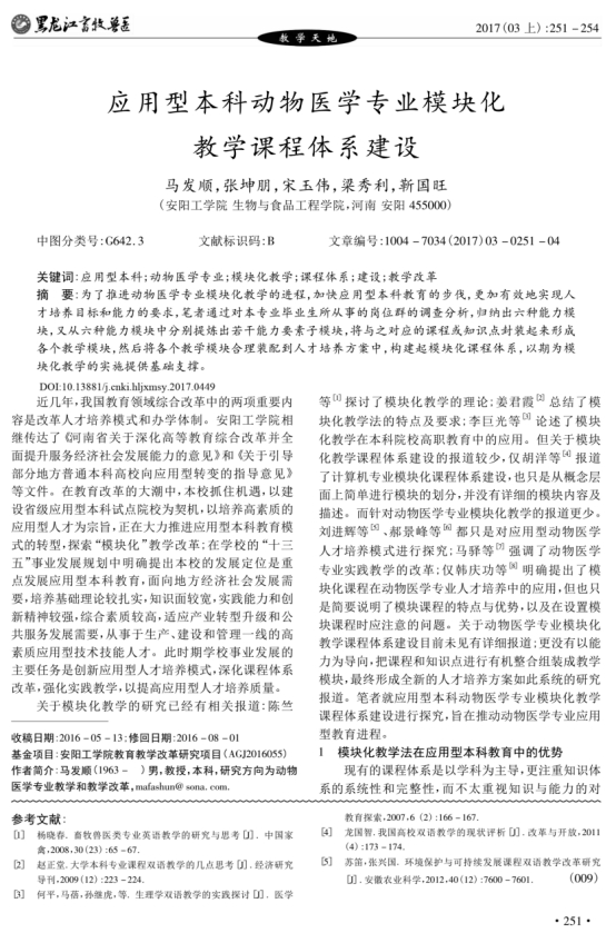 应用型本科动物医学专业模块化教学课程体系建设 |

——

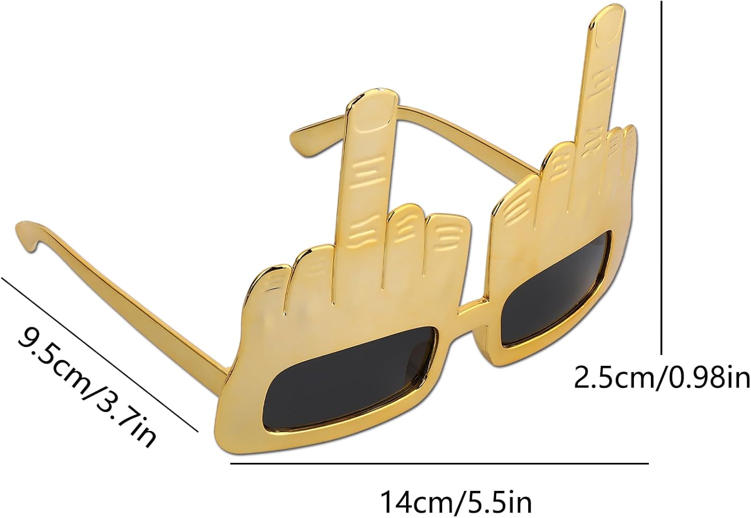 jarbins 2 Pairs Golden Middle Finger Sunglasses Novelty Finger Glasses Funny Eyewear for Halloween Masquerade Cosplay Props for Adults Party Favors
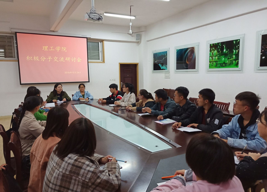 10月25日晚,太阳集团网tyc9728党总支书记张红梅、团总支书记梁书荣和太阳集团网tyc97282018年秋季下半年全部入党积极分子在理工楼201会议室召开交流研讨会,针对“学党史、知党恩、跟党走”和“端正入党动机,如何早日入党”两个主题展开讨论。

——

> **Description of the task**
Up in the listing, locate the line with "jarbins 2 Pairs"; print it and every line after it down to the line with "10月25日晚,太阳集团网t", which is included too. Skip the pictures.

> **Response to the task**
 jarbins 2 Pairs Golden Middle Finger Sunglasses Novelty Finger Glasses Funny Eyewear for Halloween Masquerade Cosplay Props for Adults Party Favors
 10月25日晚,太阳集团网tyc9728党总支书记张红梅、团总支书记梁书荣和太阳集团网tyc97282018年秋季下半年全部入党积极分子在理工楼201会议室召开交流研讨会,针对“学党史、知党恩、跟党走”和“端正入党动机,如何早日入党”两个主题展开讨论。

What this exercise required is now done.